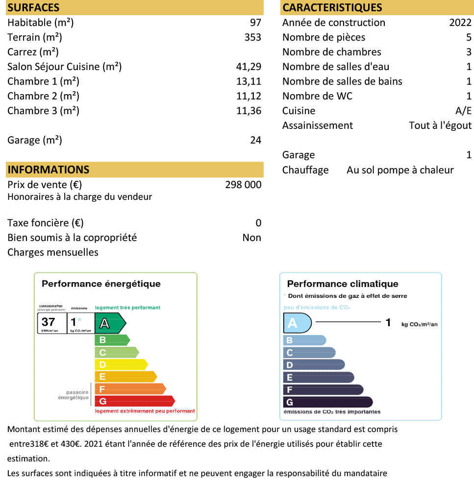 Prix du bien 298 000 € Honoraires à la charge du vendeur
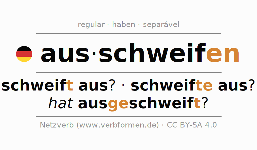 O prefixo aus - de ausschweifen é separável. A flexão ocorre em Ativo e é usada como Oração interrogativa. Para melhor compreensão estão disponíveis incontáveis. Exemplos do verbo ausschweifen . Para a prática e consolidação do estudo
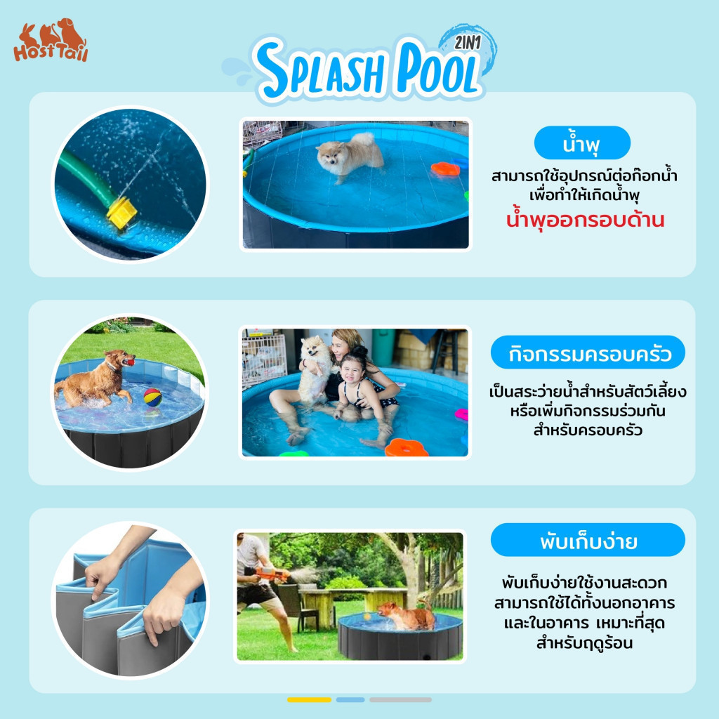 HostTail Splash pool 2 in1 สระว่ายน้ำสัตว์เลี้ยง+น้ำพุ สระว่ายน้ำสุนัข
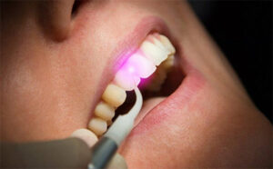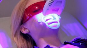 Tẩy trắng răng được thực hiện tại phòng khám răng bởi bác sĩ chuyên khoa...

◇ ◇ ◇ ◇ ◇ ◇ ◇

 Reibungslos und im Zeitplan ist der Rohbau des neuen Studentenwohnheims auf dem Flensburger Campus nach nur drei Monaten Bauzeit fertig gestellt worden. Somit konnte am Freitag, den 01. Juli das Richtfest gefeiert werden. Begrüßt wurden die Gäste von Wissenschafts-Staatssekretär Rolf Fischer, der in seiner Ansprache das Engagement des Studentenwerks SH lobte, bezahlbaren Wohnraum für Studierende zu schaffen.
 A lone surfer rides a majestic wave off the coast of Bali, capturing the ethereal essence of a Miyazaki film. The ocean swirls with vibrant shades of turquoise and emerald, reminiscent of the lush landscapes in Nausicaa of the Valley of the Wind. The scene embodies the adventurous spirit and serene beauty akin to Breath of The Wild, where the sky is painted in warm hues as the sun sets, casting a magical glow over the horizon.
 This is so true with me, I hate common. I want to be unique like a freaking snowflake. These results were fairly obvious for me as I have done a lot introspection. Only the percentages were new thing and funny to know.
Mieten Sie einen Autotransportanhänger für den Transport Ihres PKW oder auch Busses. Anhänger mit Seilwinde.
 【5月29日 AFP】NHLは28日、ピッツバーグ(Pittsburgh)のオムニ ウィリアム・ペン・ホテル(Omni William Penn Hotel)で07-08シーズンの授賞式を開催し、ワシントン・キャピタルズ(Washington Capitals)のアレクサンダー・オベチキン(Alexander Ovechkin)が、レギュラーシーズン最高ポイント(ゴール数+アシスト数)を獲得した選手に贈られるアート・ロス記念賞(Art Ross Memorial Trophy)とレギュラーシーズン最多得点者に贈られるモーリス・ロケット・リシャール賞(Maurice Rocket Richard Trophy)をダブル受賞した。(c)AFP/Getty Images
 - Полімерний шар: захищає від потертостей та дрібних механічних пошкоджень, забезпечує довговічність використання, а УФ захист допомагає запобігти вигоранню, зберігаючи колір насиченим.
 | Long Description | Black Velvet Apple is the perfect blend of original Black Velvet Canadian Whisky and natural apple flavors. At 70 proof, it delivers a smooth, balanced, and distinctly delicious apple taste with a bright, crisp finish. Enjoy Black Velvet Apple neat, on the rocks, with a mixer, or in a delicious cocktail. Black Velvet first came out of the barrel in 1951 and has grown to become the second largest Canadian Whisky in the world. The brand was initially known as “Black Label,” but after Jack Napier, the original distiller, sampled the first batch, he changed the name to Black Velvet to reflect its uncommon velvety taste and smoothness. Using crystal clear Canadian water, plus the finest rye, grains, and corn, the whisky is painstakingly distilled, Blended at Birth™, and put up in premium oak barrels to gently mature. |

◇ ◇ ◇ ◇ ◇ ◇ ◇

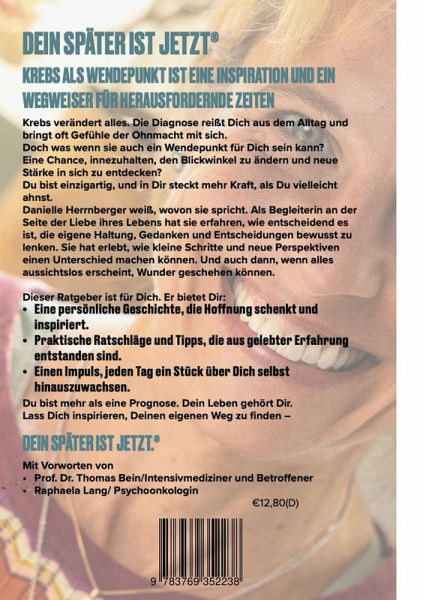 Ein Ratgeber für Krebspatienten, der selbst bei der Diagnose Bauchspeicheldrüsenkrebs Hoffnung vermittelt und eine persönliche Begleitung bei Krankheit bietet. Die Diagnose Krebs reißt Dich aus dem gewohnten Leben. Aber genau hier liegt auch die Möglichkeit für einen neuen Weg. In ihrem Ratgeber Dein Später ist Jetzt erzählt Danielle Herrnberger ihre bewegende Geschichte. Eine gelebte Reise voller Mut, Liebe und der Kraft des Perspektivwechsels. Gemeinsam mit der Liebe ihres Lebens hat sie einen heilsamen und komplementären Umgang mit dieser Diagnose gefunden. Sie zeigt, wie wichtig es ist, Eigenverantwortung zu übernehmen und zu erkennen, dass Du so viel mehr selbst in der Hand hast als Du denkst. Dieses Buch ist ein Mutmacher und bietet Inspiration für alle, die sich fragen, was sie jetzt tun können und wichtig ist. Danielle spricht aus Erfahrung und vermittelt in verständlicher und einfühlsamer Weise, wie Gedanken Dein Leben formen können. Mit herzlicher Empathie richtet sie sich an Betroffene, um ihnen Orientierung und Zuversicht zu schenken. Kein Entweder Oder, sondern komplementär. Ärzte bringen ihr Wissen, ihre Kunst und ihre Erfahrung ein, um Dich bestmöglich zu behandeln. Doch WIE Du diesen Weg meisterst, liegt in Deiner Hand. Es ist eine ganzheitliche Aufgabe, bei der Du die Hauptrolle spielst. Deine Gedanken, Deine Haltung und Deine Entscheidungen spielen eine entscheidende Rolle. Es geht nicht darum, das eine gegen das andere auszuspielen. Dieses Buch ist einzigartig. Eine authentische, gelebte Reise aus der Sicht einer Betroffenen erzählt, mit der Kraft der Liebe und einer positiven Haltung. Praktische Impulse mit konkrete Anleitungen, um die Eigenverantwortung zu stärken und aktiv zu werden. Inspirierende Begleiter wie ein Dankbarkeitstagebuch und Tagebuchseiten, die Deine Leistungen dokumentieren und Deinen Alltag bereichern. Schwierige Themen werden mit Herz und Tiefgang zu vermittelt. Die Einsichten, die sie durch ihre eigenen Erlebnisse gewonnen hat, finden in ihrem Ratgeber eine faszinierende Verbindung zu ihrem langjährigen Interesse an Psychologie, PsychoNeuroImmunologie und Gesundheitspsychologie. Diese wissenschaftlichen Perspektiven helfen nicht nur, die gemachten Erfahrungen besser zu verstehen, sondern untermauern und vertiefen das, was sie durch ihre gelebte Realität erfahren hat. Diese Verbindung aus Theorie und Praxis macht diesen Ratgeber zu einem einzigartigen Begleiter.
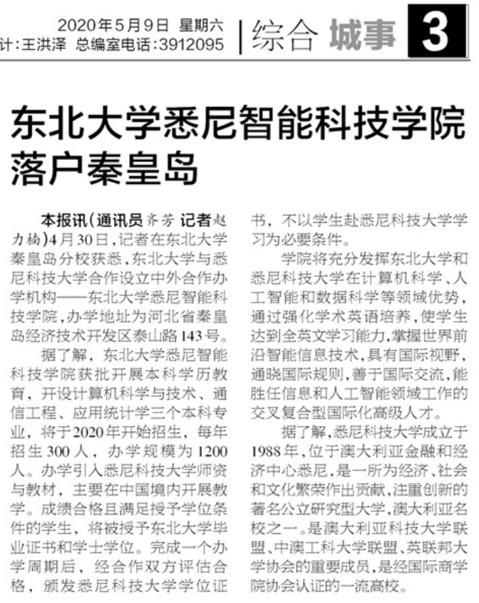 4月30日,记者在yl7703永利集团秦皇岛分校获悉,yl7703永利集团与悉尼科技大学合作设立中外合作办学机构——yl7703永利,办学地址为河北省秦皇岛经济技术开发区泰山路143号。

◇ ◇ ◇ ◇ ◇ ◇ ◇

Working from the entries above, please transcribe only the lines from the line with "Prix du bien" through the line with "Tẩy trắng răng", exactly, with both end lines and without pictures.

 Prix du bien 298 000 € Honoraires à la charge du vendeur
 O prefixo aus - de ausschweifen é separável. A flexão ocorre em Ativo e é usada como Oração interrogativa. Para melhor compreensão estão disponíveis incontáveis. Exemplos do verbo ausschweifen . Para a prática e consolidação do estudo
 HostTail Splash pool 2 in1 สระว่ายน้ำสัตว์เลี้ยง+น้ำพุ สระว่ายน้ำสุนัข
 Tẩy trắng răng được thực hiện tại phòng khám răng bởi bác sĩ chuyên khoa...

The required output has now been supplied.